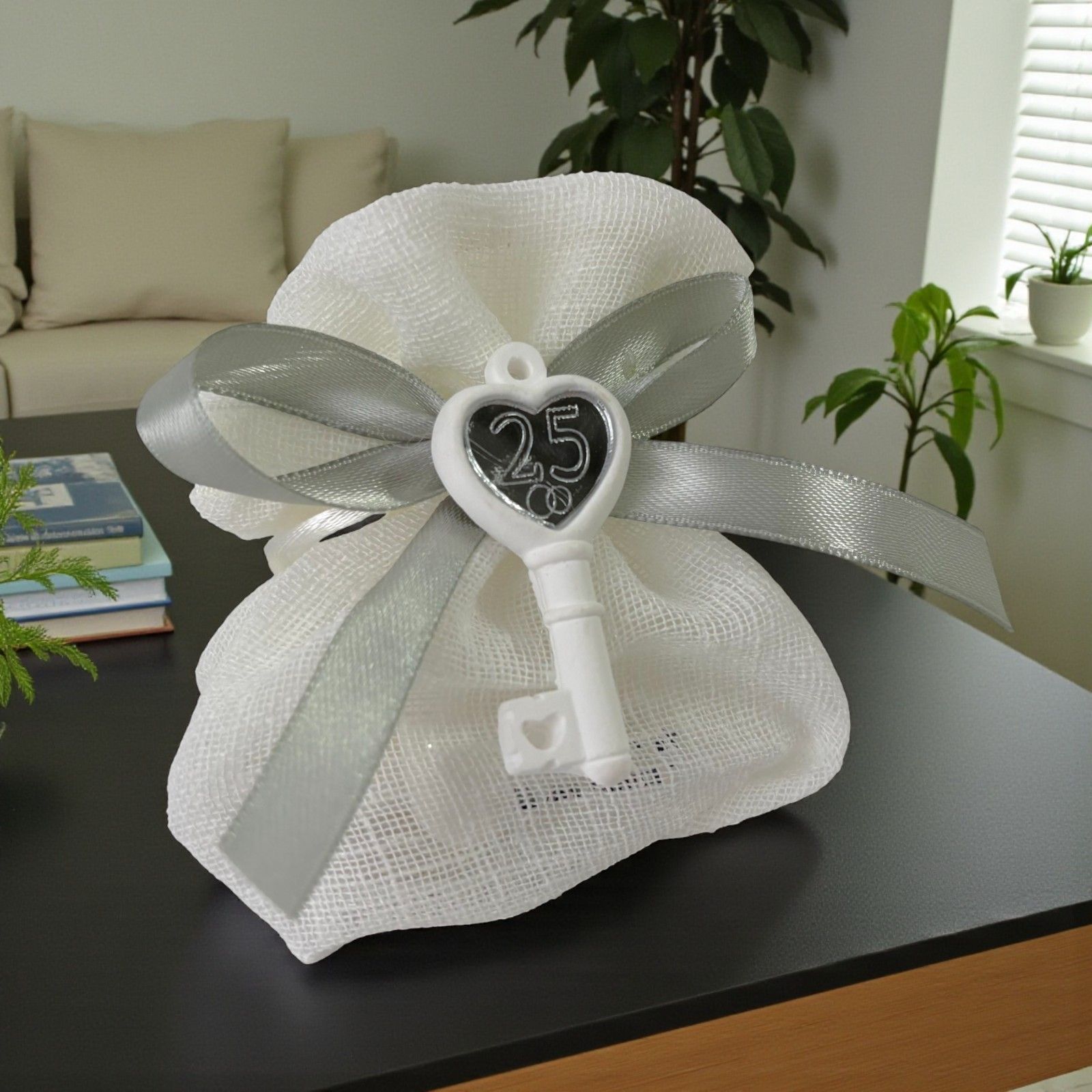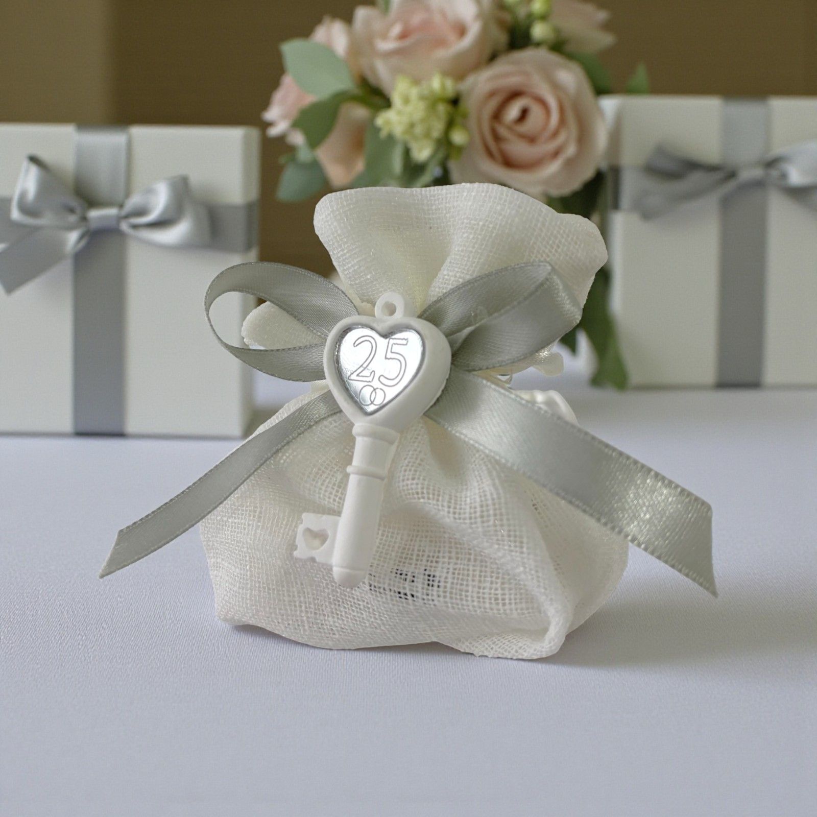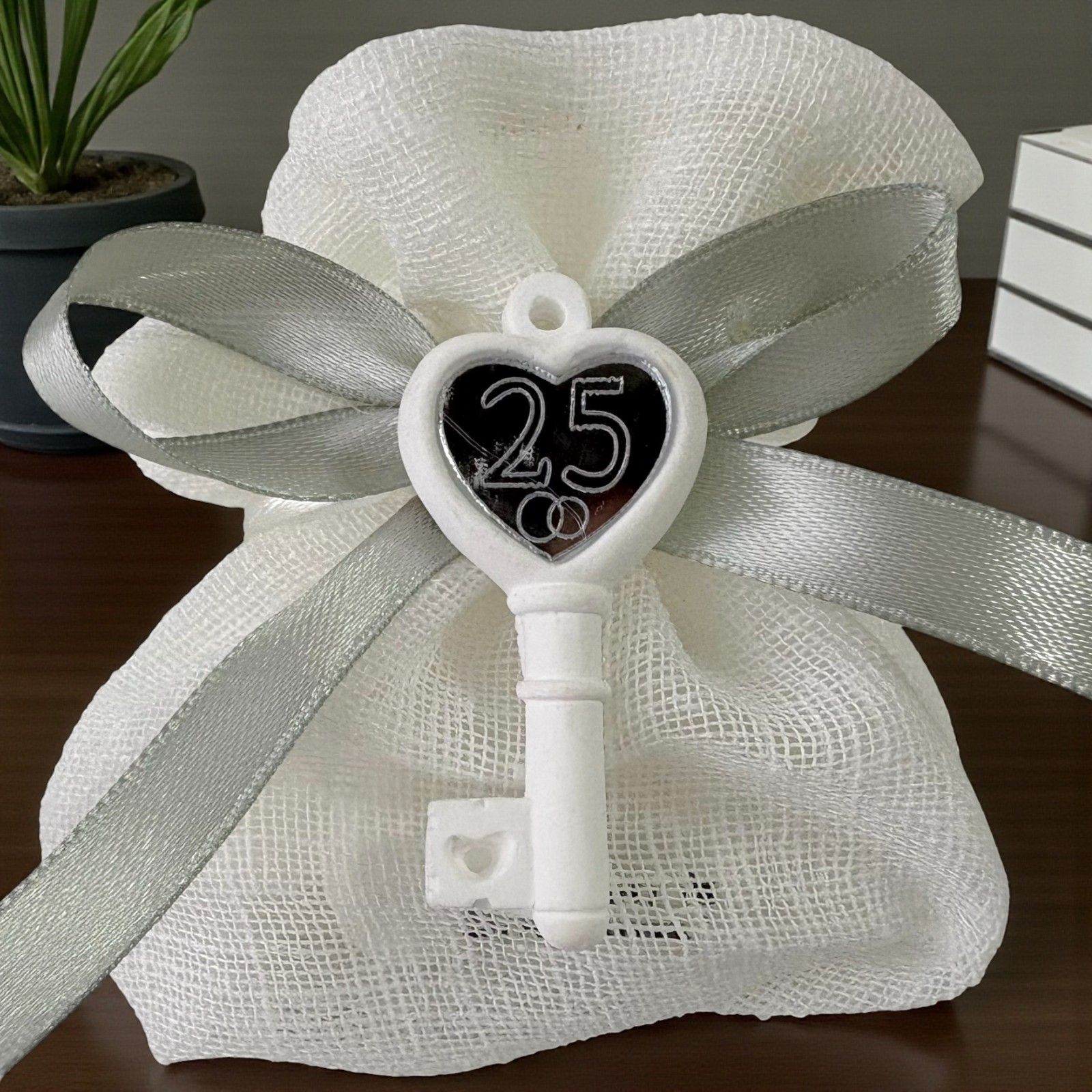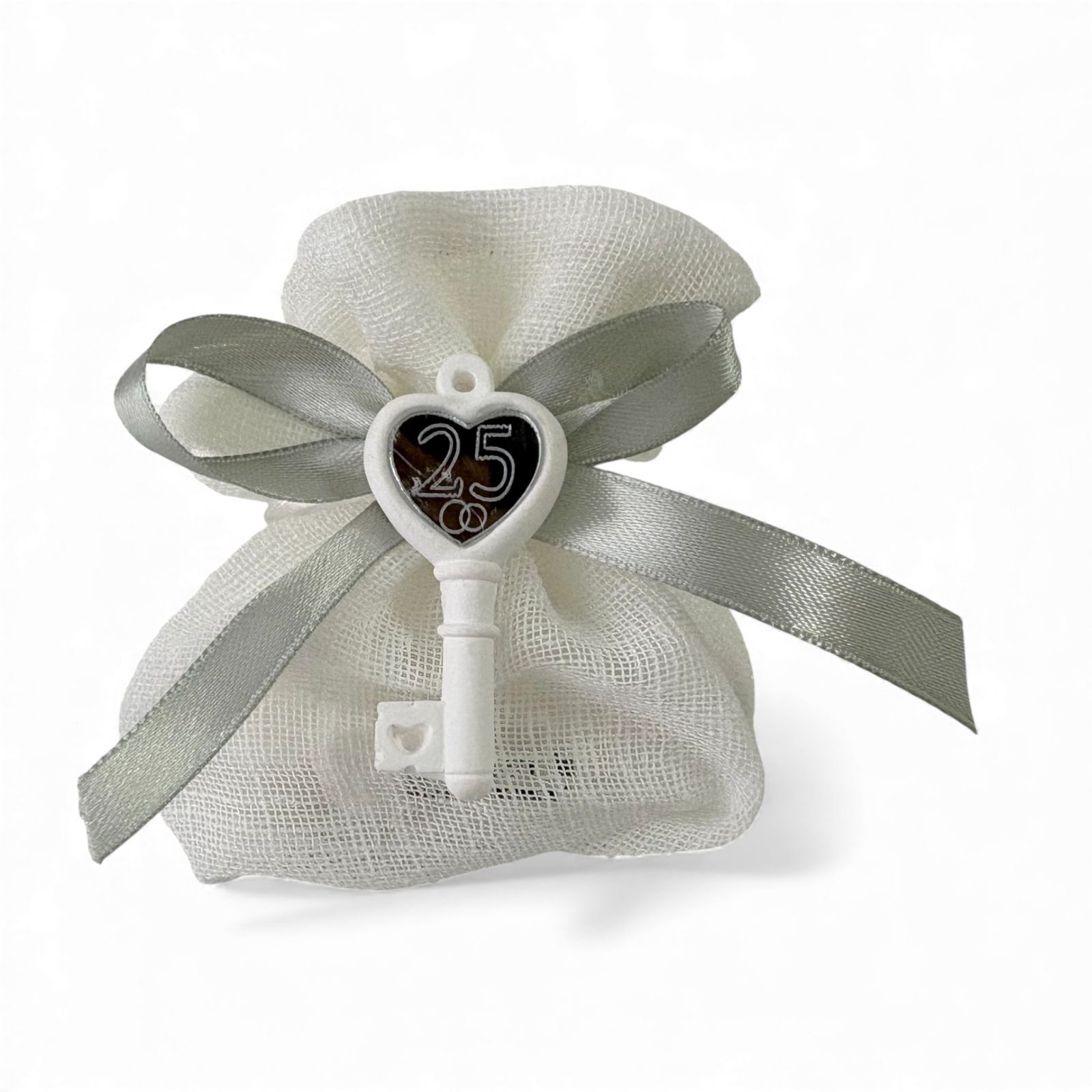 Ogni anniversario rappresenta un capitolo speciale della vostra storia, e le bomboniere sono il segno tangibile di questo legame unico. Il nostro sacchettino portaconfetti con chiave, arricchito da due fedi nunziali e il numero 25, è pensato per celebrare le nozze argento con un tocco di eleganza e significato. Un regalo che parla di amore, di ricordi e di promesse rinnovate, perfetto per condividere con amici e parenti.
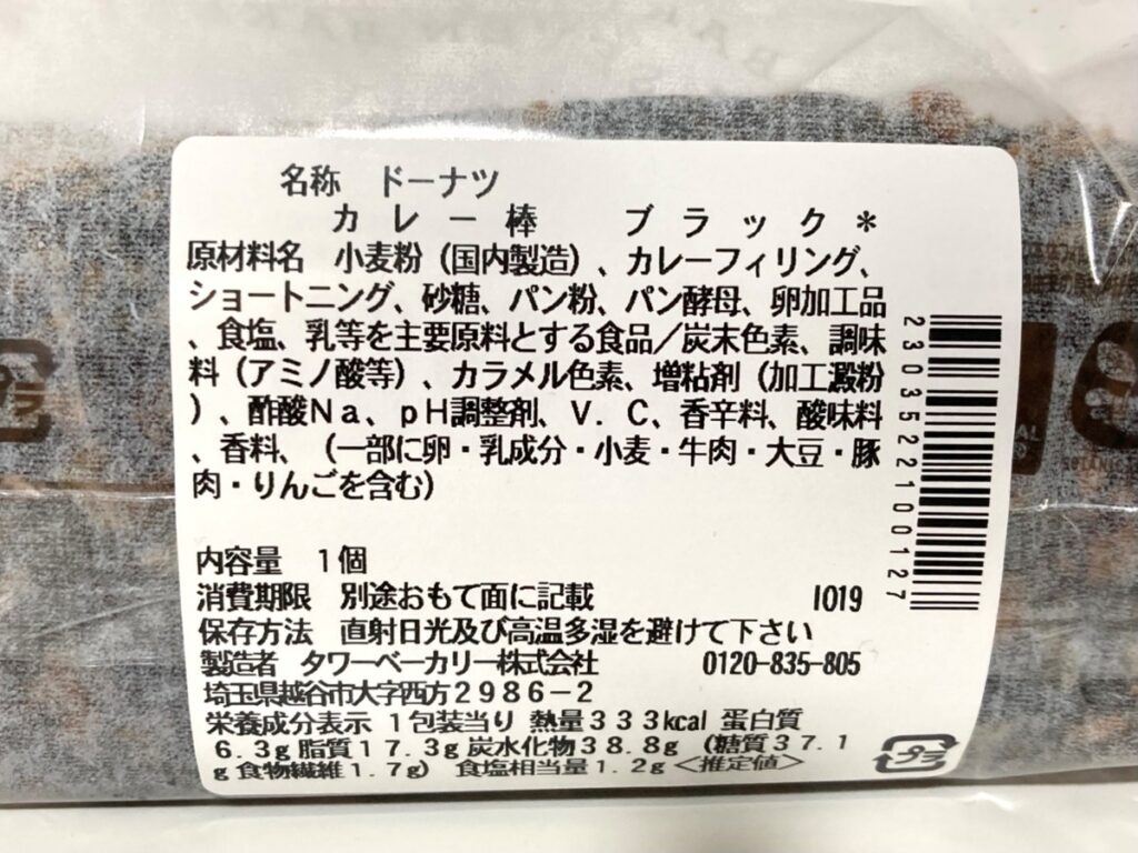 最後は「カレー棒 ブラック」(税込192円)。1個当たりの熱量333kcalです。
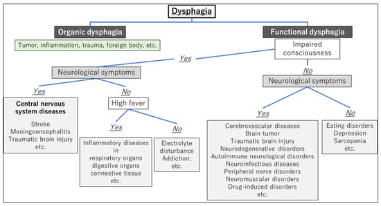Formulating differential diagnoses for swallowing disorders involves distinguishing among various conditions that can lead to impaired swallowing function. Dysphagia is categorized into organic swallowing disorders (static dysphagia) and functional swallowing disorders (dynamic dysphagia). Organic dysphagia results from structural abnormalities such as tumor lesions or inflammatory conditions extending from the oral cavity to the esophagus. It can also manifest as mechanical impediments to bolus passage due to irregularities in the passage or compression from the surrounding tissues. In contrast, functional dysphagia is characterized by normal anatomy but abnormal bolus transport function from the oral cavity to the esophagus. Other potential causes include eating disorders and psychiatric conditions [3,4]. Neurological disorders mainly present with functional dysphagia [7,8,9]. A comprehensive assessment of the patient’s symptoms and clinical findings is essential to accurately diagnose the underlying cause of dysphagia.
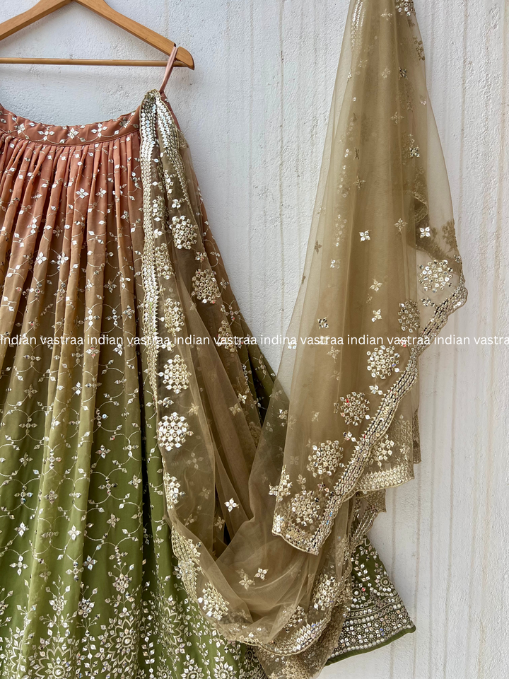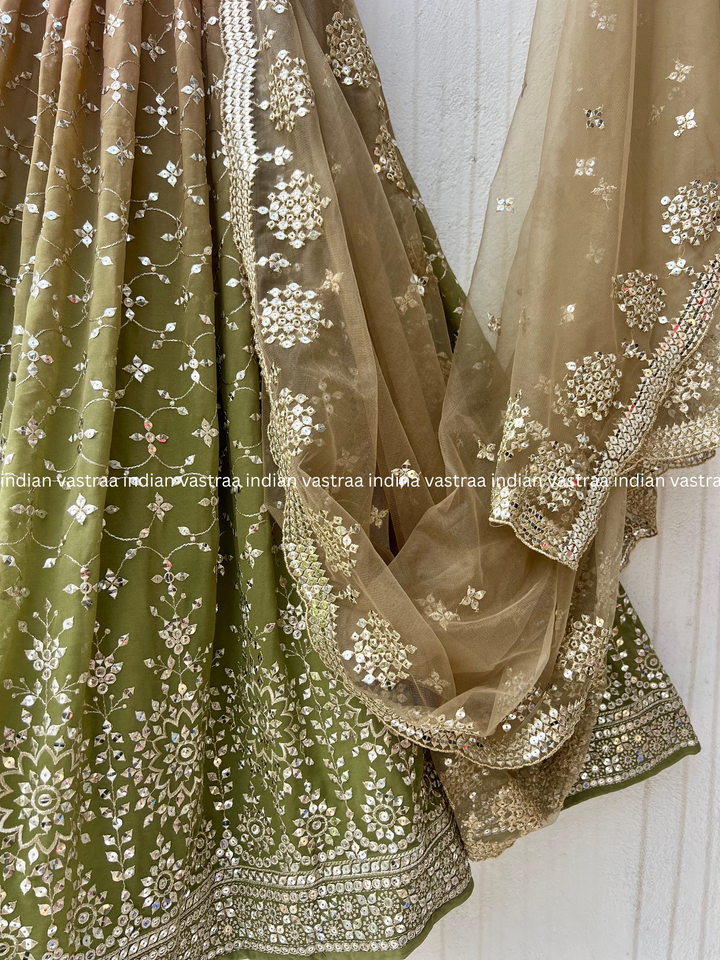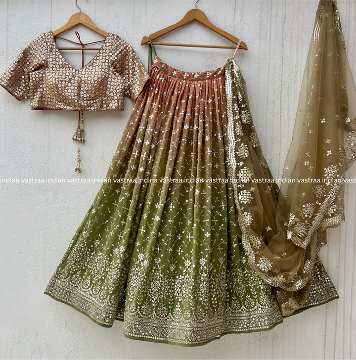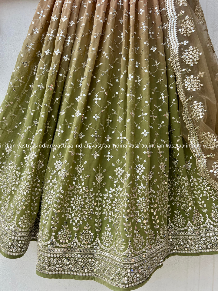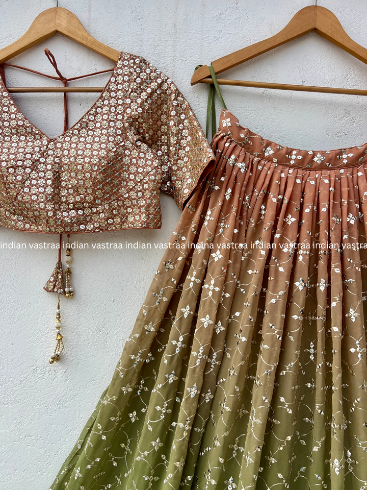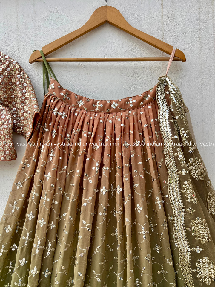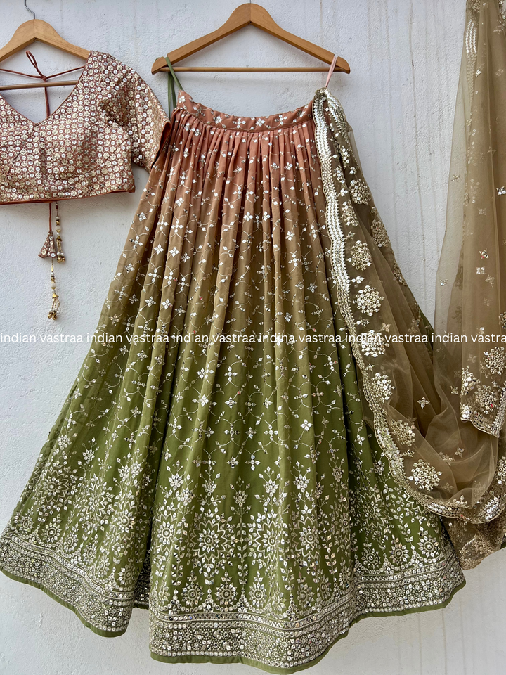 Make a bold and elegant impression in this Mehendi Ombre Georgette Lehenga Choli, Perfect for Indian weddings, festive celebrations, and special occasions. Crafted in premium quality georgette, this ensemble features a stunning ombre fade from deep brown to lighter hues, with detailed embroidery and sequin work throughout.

Exercise ▸
Your job is to repeat the data exactly, leaving each picture out.

Result of this exercise ▸
 Ogni anniversario rappresenta un capitolo speciale della vostra storia, e le bomboniere sono il segno tangibile di questo legame unico. Il nostro sacchettino portaconfetti con chiave, arricchito da due fedi nunziali e il numero 25, è pensato per celebrare le nozze argento con un tocco di eleganza e significato. Un regalo che parla di amore, di ricordi e di promesse rinnovate, perfetto per condividere con amici e parenti.
 最後は「カレー棒 ブラック」(税込192円)。1個当たりの熱量333kcalです。
Formulating differential diagnoses for swallowing disorders involves distinguishing among various conditions that can lead to impaired swallowing function. Dysphagia is categorized into organic swallowing disorders (static dysphagia) and functional swallowing disorders (dynamic dysphagia). Organic dysphagia results from structural abnormalities such as tumor lesions or inflammatory conditions extending from the oral cavity to the esophagus. It can also manifest as mechanical impediments to bolus passage due to irregularities in the passage or compression from the surrounding tissues. In contrast, functional dysphagia is characterized by normal anatomy but abnormal bolus transport function from the oral cavity to the esophagus. Other potential causes include eating disorders and psychiatric conditions [3,4]. Neurological disorders mainly present with functional dysphagia [7,8,9]. A comprehensive assessment of the patient’s symptoms and clinical findings is essential to accurately diagnose the underlying cause of dysphagia.
 Make a bold and elegant impression in this Mehendi Ombre Georgette Lehenga Choli, Perfect for Indian weddings, festive celebrations, and special occasions. Crafted in premium quality georgette, this ensemble features a stunning ombre fade from deep brown to lighter hues, with detailed embroidery and sequin work throughout.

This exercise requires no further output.